Looking for something a little different? This is your town — its history and culture are so full of interestingly unique and quirky elements that what might be considered off the beaten track elsewhere is par for the course here.
Cable Car Cinema & Cafe
204 South Main St., 401-272-3970
Sit in a couch and drink a beer while watching a great movie at this small, intimate art-house theater specializing in foreign and indie films. Dine in the cafe first and make a night of it. Its concessions include healthier options and fresh locally-made pastries, along with the movie theater usuals and all-you-can-eat popcorn. Monday nights are discount night.

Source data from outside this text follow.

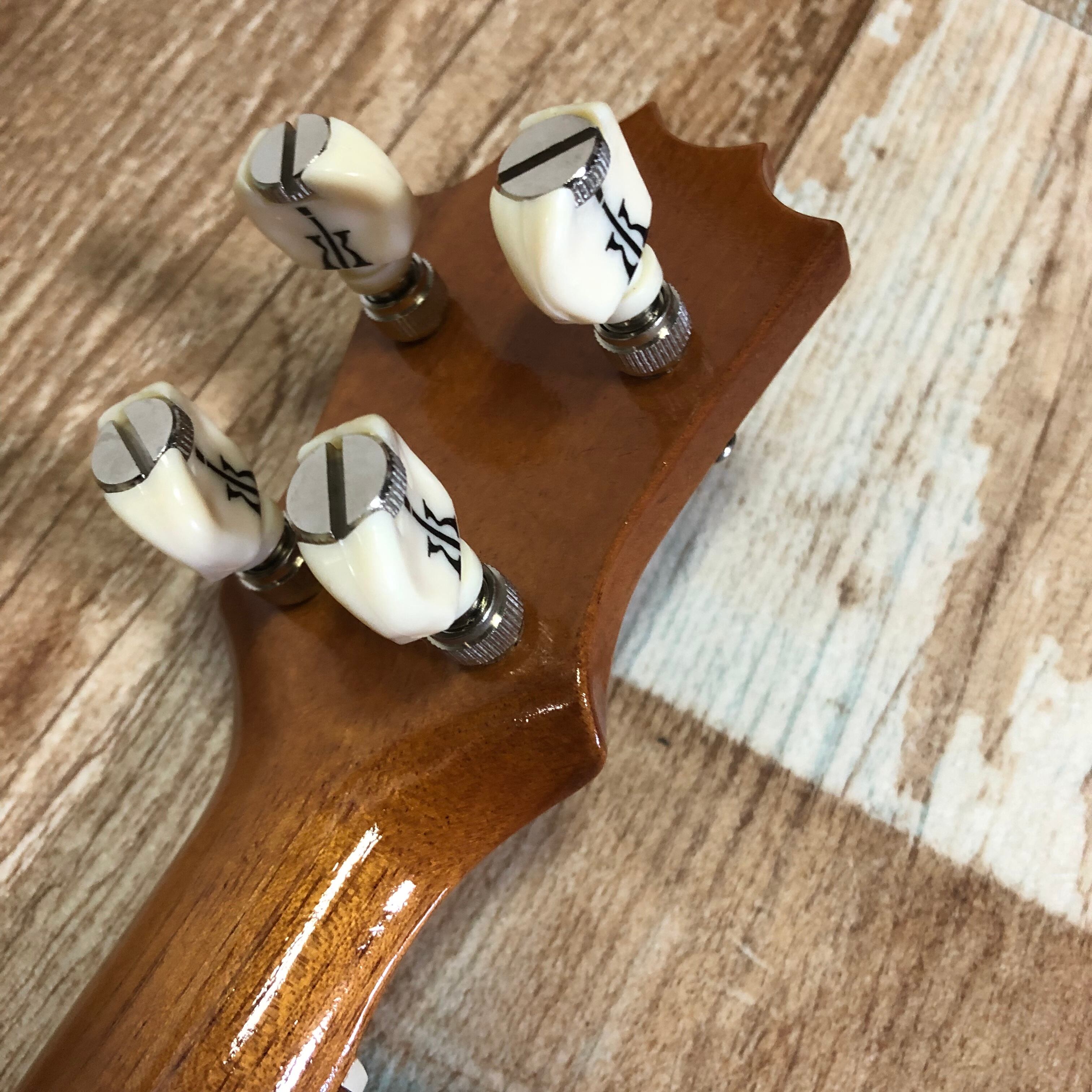 またご購入から1年以内に、木部の剥がれ、ネックの反りやナットの溝やフレットの浮きによる音のビビリ、フレットサイドのバリが出てきた場合、当方で工賃無料で修理を行います。(往復送料はご負担願います)(木材や塗装の割れや欠けやひび、ペグの故障や弦や金属部の消耗は対象外です。湿度45~55%、気温40℃以下で保管して下さい)
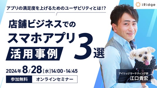 株式会社アイリッジ(本社:東京都港区、代表取締役社長:小田 健太郎、東京証券取引所グロース:3917、以下「アイリッジ」)は、2024年8月28日に企業のアプリ運用、マーケティング担当者向けセミナー「店舗ビジネスでのスマホアプリ活用事例3選」を開催することをお知らせします。
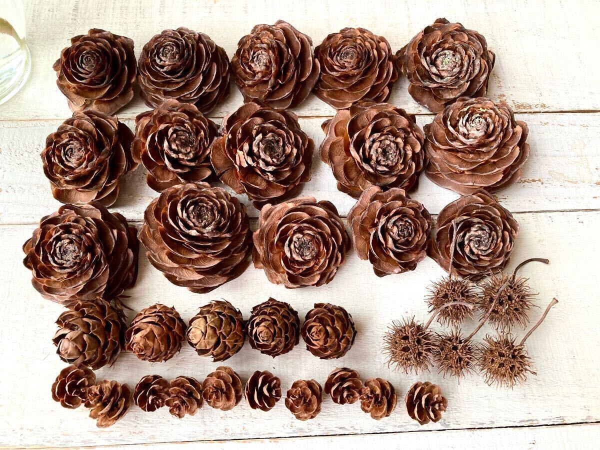 Product name: 天然素材 ■ ヒマラヤスギ シダーローズ15個 ツガの実10個 コウヨウザン5個 モミジバフウ5個 4種類セット松ぼっくり リース材料
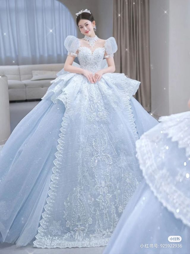 最后周卿选择了蓝色系婚纱
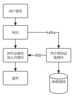 说明:网关增加设备校验公共子模块,网关请求通过kafka消息异步校验设备号是否存在、是否注册,异步结果同步给网关设备校验公共子模块。
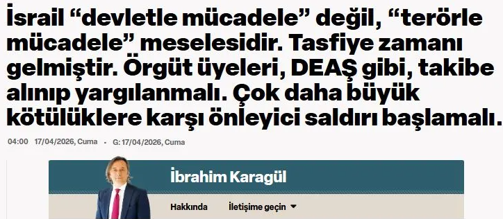 «Το Ισραήλ δεν είναι θέμα «καταπολέμησης του κράτους», αλλά «καταπολέμησης της τρομοκρατίας». Ήρθε η ώρα της εξάλειψής του. Τα μέλη της οργάνωσης, όπως του ISIS, θα πρέπει να εντοπιστούν και να διωχθούν. Μια προληπτική επίθεση πρέπει να ξεκινήσει ενάντια σε πολύ μεγαλύτερα δεινά», γράφει ο Τούρκος αρθρογράφος Ιμπραήμ Καραγκιούλ στη Yeni Şafak.
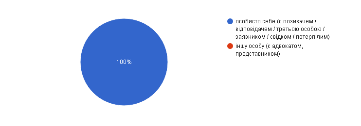 За результатами відомостей другого блоку питань, отриманих під час проведення опитування громадян – відвідувачів суду, слід зазначити, що громадяни при зверненні до суду представляли особисто себе (є позивачем, відповідачем/третьою особою/заявником/свідком/потерпілим).

The Edna Lawrence Nature Lab
13 Waterman Street, 401-454-6451, firstname.lastname@example.org
The Rhode Island School of Design’s natural history collection, founded in 1937, is a virtual wunderkammer of taxidermy, shells, skeletons, and even some live animals. Its mission as a teaching resource is to provide RISD students with “the opportunity to examine and explore the patterns, structures and interactions of design in nature.” Note that the visitor policy states that “the general public is welcome to visit, with permission of a curator,” so be sure to call or e-mail ahead.
Annmary Brown Memorial
21 Brown Street, 401-863-2942
Note that the building hours are Mon. – Fri. 1:00 to 5:00pm
Rush Hawkins, a wealthy and eccentric collector of art and incunabula, built this large mausoleum for his beloved wife, Annmary Brown, following her death in 1903 from pneumonia. Three of the four rooms feature selections from his collection of art and other items (the rare books that were originally included have subsequently been moved to the John Hay Library), while the fourth room provides the final resting place for both Annmary and Rush. Now owned by Brown University, visitors will find the door open weekday afternoons. Hawkins’ endowment stipulates that every year on March 9, Annmary’s birthday, flowers are to be laid on her grave and left there until the following year.